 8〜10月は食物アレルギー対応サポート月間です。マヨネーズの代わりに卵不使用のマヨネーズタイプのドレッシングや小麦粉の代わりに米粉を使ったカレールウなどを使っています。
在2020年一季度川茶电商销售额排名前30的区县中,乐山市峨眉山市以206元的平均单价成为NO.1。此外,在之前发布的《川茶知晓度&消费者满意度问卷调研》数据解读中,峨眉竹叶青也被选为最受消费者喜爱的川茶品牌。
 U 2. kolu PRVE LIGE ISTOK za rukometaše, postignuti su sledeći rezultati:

- - -

## PROBLEM DESCRIPTION
Make an exact copy of the listing shown above.

## FINAL ANSWER
 8〜10月は食物アレルギー対応サポート月間です。マヨネーズの代わりに卵不使用のマヨネーズタイプのドレッシングや小麦粉の代わりに米粉を使ったカレールウなどを使っています。
在2020年一季度川茶电商销售额排名前30的区县中,乐山市峨眉山市以206元的平均单价成为NO.1。此外,在之前发布的《川茶知晓度&消费者满意度问卷调研》数据解读中,峨眉竹叶青也被选为最受消费者喜爱的川茶品牌。
 U 2. kolu PRVE LIGE ISTOK za rukometaše, postignuti su sledeći rezultati:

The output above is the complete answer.